Wednesday, April 30, 2014

Why Do You Think I Got The Chickens?




We hear a lot about time management, but the real thing we should be talking about is energy management. I wrote a blog post a few years ago about doing the things that give us energy and I return to those general guidelines often.  If I do the things that give me energy, I have more energy for everything and everyone else in my life. When I’m happy, I’m more productive.

Sometimes this means I act in ways that might seem counter-intuitive to others. My schedule is packed with a million things that have to be done right-now-this-second-if-not-sooner, and I start to despair. I’m slogging through it all and each step forward takes longer than the last.

So what do I do? I see an opportunity to take the kids to a local hatchery, to look at chicks. Chicks make me happy. I haven’t been around chickens for over ten years. We’ll just go to the hatchery and look at some chicks, right? That will be enough to give me energy.

Mind you, there are still a million things that have to be done right-now-this-second-if-not-sooner.

So we go to the hatchery and the chicks are awesome—and I think I need just a bit more energy. So we go to the library, to check out a few books about chicken breeds. If (you see how I’m still imagining myself neutral on the topic of chickens) . . . If I am to get chickens, it would be nice if they were a docile, friendly breed and not the kind my mom knew growing up—the kind that would attack her as she made a run for the outhouse.

Back home, I place the library books next to my computer, stopping to browse every time I need a break, glancing over at them even when I don’t. And those slogging steps through those million things? They aren’t so slogging anymore. 

I think about our goals and our resources. We’d have fresh eggs again.  We already have the nest boxes and the coop.

My million-things list gets shorter. The steps seem easier.

I narrow the chick selection to eight possible breeds.

I mark a few more items from my list. These things aren’t so difficult. I don’t know why I was putting them off.

I call in the kids, still saying IF we get chickens. IF. Which ones would they want? What are their goals?

Brown eggs.


Friendly.

Pretty—good for showing in 4-H.

They each choose a breed.
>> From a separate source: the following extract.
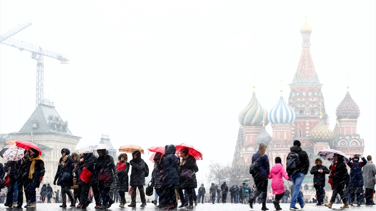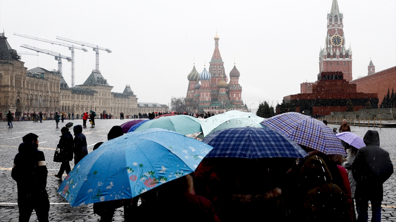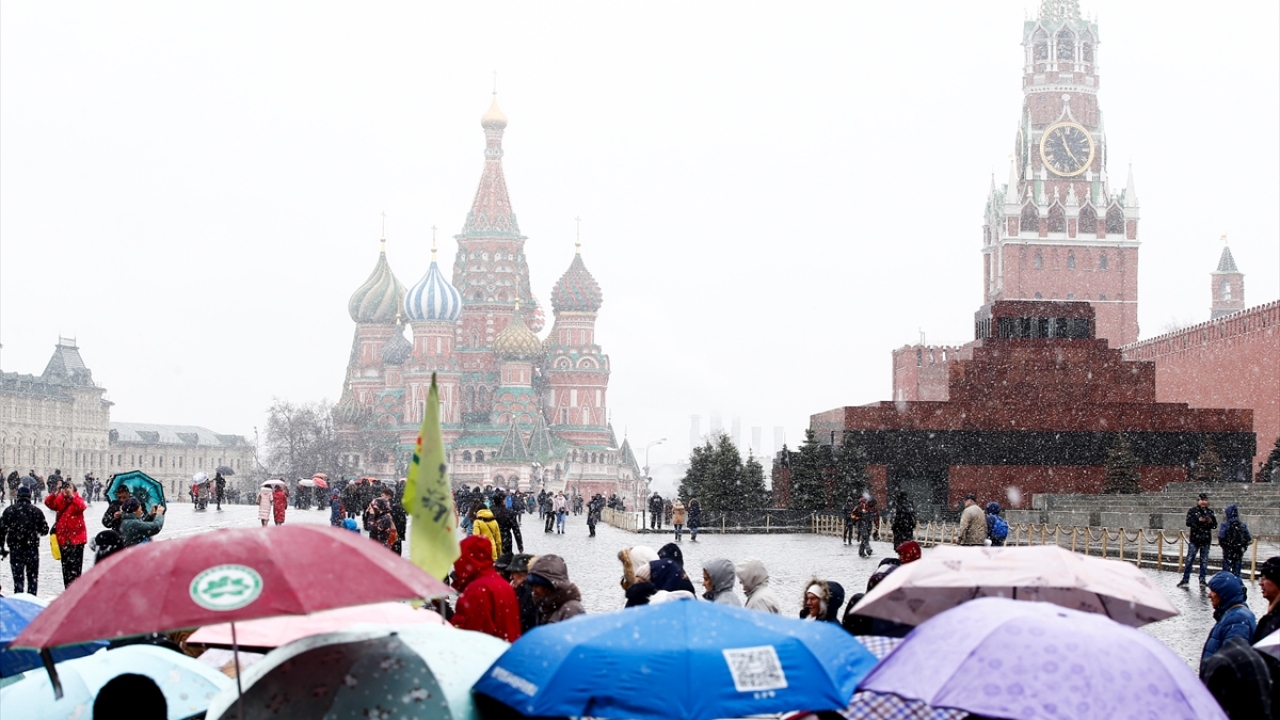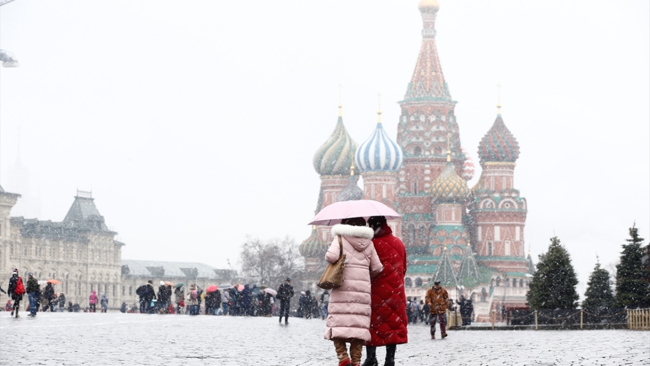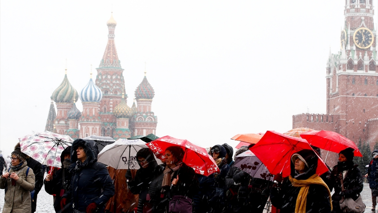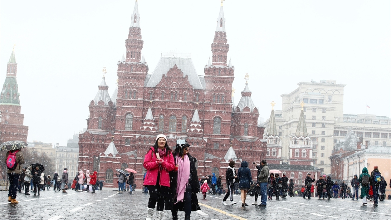 Rusya`nın başkenti Moskova`da mart ayında kar yağışı etkili oldu. Tarihi kızıl meydana gelen yerli ve yabancı turistler kar yağışı sırasında yürüyüş yaptı, fotoğraf çektirdi.

Buff Orpington. Barred Plymouth Rock.  Araucana.

I go back to work. Three more things scratched from the list.  Scratch. I’m starting to think chicken. I’ll just peck one more off the list. Maybe two. 

A few days later, my daughter calls the hatchery, to ask when the breeds we want will be available (you know. . . IF we decide to get chickens). The line is constantly busy. Yes. Busy. My daughter turns her iPhone to speaker mode and asks, “what is that sound?”

“That’s a busy signal.”

“What does it mean? Why doesn’t it go to voice mail?”

I shrug. “They’ve been in business since 1918. They’ve been in the same location since 1940. They probably still have a rotary phone.”

The kid tips her head at me.

“They’re taking orders in real time,” I tell her. “First come, first serve. No voice mail.”

“We should go,” she says. I’m not sure if she wants to see the chicks or the rotary phone, but I’m in.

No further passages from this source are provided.